Is Yahweh translated as allah in the arabic Bible?
1 Answer
There is a good source that discusses this at length. See https://www.ijfm.org/PDFs_IJFM/23_4_PDFs/Thomas.pdf
In summary, "In Arabic translations it is transliterated as yahwah or translated as rabb (Lord), corresponding to the Jewish custom of using adonai in place of saying the divine name. Translations of YHWH in other languages used in the Islamic world have followed the precedent of the Arabic in either transliterating YHWH and/or using a word for Lord (rabb in Bambara and Somali, khodavand in Persian, Pashto, Sindhi, and Urdu, Tuhan in Indonesian). The exceptions to this practice are the Malay translations of 1912 and 1988 that use Allah for YHWH; the Biatah translation used in Sarawak, Malaysia, and the Tausug translation used in Jolo, Philippines, followed the precedent of the Malay translations."

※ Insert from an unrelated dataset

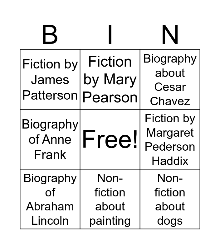 This bingo card has a free space and 15 words: Fiction by Gary Paulsen, Biography about Albert Einstein, Biography about Cesar Chavez, Fiction by James Patterson, Non-fiction about painting, Non-fiction about dogs, Non-fiction about the Civil War, Fiction by Patrick Carman, Fiction by Margaret Pederson Haddix, Non-fiction about space, Biography of Rosa Parks, Biography of Anne Frank, Biography of Abraham Lincoln, Fiction by Mary Pearson and Non-fiction about cooking.

Footnote 13 adds, "The completely revised Malay Bible of 1996, however, restored the practice of translating elohim as Allah. This was at the advice of the Malaysian church leaders, who considered the translations of 1912 and 1988 as not being exegetically accurate or faithful to the original texts. Thus the rendering of the divine names returned to the precedent established in the history of the Malay/Indonesian translations since 1629. The Biatah translation is also being revised to restore Allah as the translation of elohim. Information from Daud Soesilo, “Translating the Names of God Revisited: Field Experience from Indonesia and Malaysia,” (a paper presented at the Annual Meeting of the SBL/AAR in November 2000), pp. 4 and 8."